Mejor morir que perder la vida



Saratustra.




Mi terrorífica experiencia con el quad me ha hecho pensar en la primera vez que estuve a punto de morir. Fue en Tenerife, lugar horrendo donde los haya, y yo contaba con la tierna edad de 9 años y era bien redonda, como la verdad. Pues bien, estaba yo de vacaciones con mi padre y mi hermano (felices tiempos de hijos de recién divorciados, en los que disfrutábamos de vacaciones, regalos y propinas por partida doble) bañándome en una de esas playas de mentiras que hay por allí, con bien de piedras, que ya de por sí me causaba ansiedad porque decían que la arena la traían de África y que venía con escorpiones.

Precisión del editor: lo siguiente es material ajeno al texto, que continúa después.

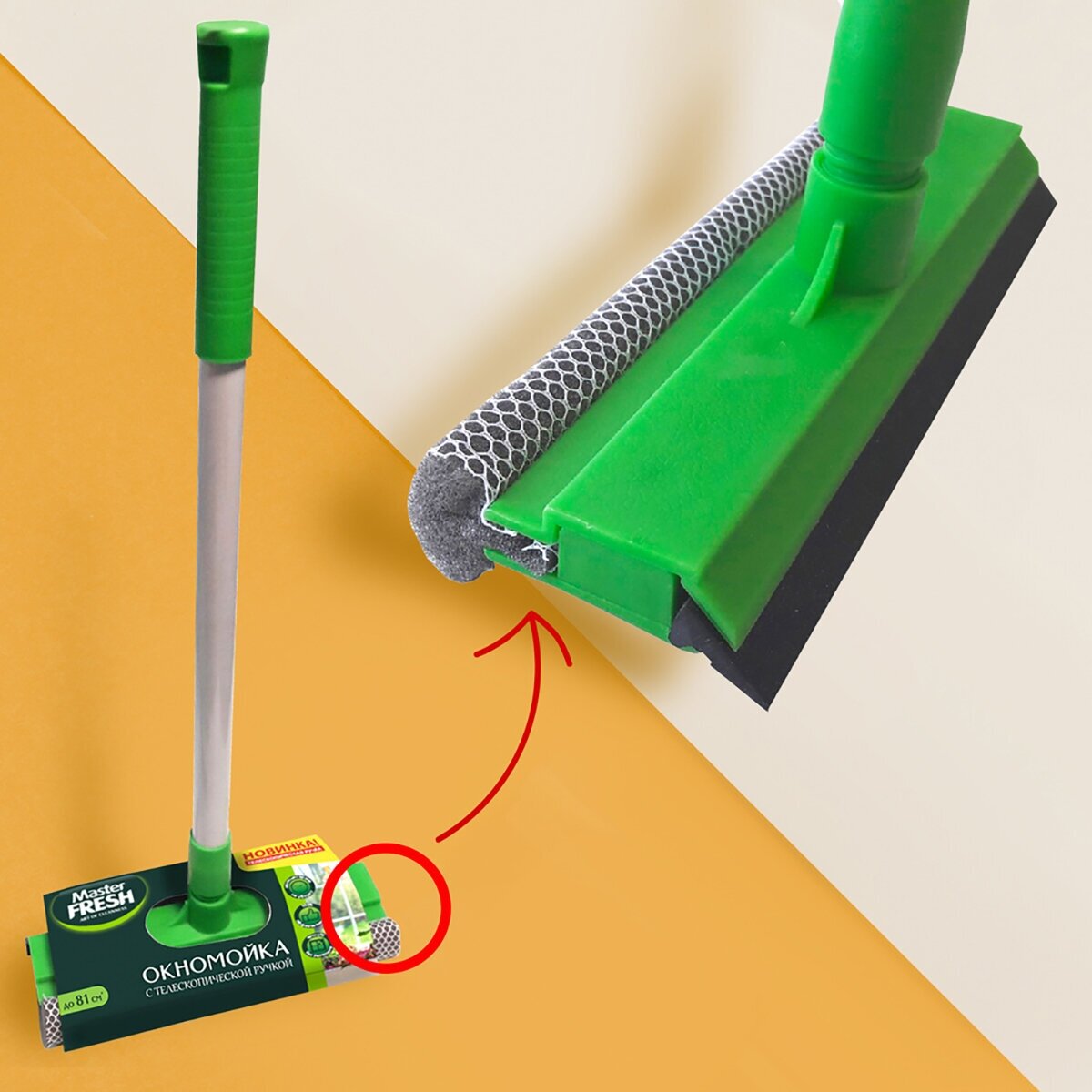 Швабра для мытья окон Master Fresh с губкой и сгоном рабочая часть 25 см телескопическая рукоятка 52-81 см, 1176978

Había una roca en el mar, a unos 200 metros de la playa, a la que mi hermano (Cali) y yo estábamos agarrados, exhaustos, y es que 200 metros de braza son demasiado para dos niños obesos. Mi padre estaba sobre la roca, dispuesto a tirarse de cabeza al agua. Yo tenía los ojos cerrados por la sal. Sólo oí a Cali llamar a mi padre y, un segundo después, sentí junto a mi brazo un fortísmo aire. Empecé entonces a escuchar gritos en la playa, abrí los ojos y ví una turba de turistas corriendo hacia mí histéricos blandiendo sus toallas. Miré hacia mi padre y mi hermano; estaban blancos del susto, mirando hacia abajo; me giré y pude ver que una roca enorme había caído en el sitio al que mi padre iba a lanzarse en ese momento, justo cuando mi hermano le había llamado de forma providencial, sin saber el pedrolo que se nos venía encima. La gente en la playa pensó que la roca nos había aplastado, y nos sacaron de allí envueltos en toallas, ya que mi padre tardó un rato en volver al mundo de los vivos. Recuerdo que no me asusté en absoluto, me acurruqué en una toalla roja y los brazos del buen hombre que me sacaba de allí, y tuve una sensación que luego he tenido a menudo en situaciones críticas: extrañeza total de no sentir nada, un poco de risa a lo mejor. Después, la bendita turba, fue con ánimo linchador a las obras mal acordonadas que había en el barranco de la playa de al lado, donde estaban dinamitando de aquella manera para hacer unos hoteles, y no sé lo que pasó. Fue mi primera aparición en prensa.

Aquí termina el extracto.